= Robert Mertens =

German herpetologist

Robert Friedrich Wilhelm Mertens (1 December 1894 – 23 August 1975) was a German herpetologist. Several taxa of reptiles are named after him. He postulated Mertensian mimicry.

Mertens was born in Saint Petersburg, Russia. He moved to Germany in 1912, where he earned a doctorate in zoology from the University of Leipzig in 1915. During World War I, he served in the German army.

Mertens worked at the Senckenberg Museum in Frankfurt for many years, beginning as an assistant in 1919, and retiring as director emeritus in 1960. He also became a lecturer at Goethe University Frankfurt in 1932, and became a Professor there in 1939. Both jobs provided him with ample time for extensive travel and the study of lizards. He collected specimens in 30 countries.

During World War II, he evacuated most of the collections of the Senckenberg Museum to small towns. He also had German soldiers who were fighting overseas collect and ship specimens to him.
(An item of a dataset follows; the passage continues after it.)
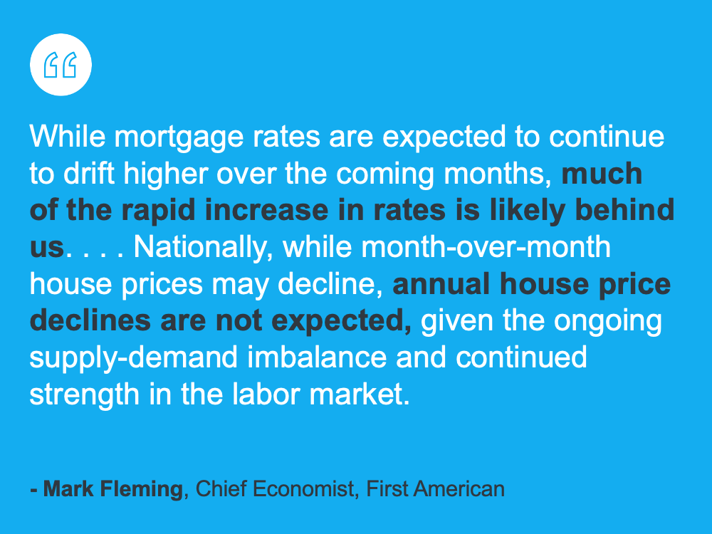 While home prices have fallen from their peak earlier this year, home prices are still up year-over-year and it isn’t looking as though meaningful year-over-year price declines will be experienced in the majority of markets across the country.

He was the author of several books on zoology, including La Vie des Amphibiens et Reptiles (1959). Mertens described at least 64 reptile species, and numerous amphibian species.

Nine species and two subspecies of reptiles have been named after Mertens: Amblyrhynchus cristatus mertensi (San Cristóbal Marine Iguana), Amphisbaena roberti (Robert's worm lizard), Chalcides mertensi (Algerian three-toed skink), Cryptoblepharus mertensi (Mertens' snake-eyed skink), Erythrolamprus mertensi (Mertens' tropical forest snake), Liolaemus robertmertensi (Robert's tree iguana), Micrurus mertensi (Mertens' coral snake), Phalotris mertensi (Mertens' lizard-eating snake), Phelsuma robertmertensi (Mertens' day gecko), Tropidoclonion lineatum mertensi (Mertens' lined snake), and Varanus mertensi (Mertens' water monitor). Also Vanderhorstia mertensi (Mertens' shrimp goby) has been named after him.

Mertens died after being bitten while feeding his pet savanna twigsnake, Thelotornis capensis. Because no applicable antivenom existed at that time, he suffered for 18 days before dying. He kept a diary of his deteriorating condition, noting that it was the "für einen Herpetologen einzig angemessene Ende" (the only appropriate demise for a herpetologist).

The death of Robert Mertens parallels that of another well known herpetologist, Karl Patterson Schmidt, almost 20 years earlier. Each was a herpetologist, each was bitten by a venomous colubrid native to Africa, and each documented his symptoms until his death.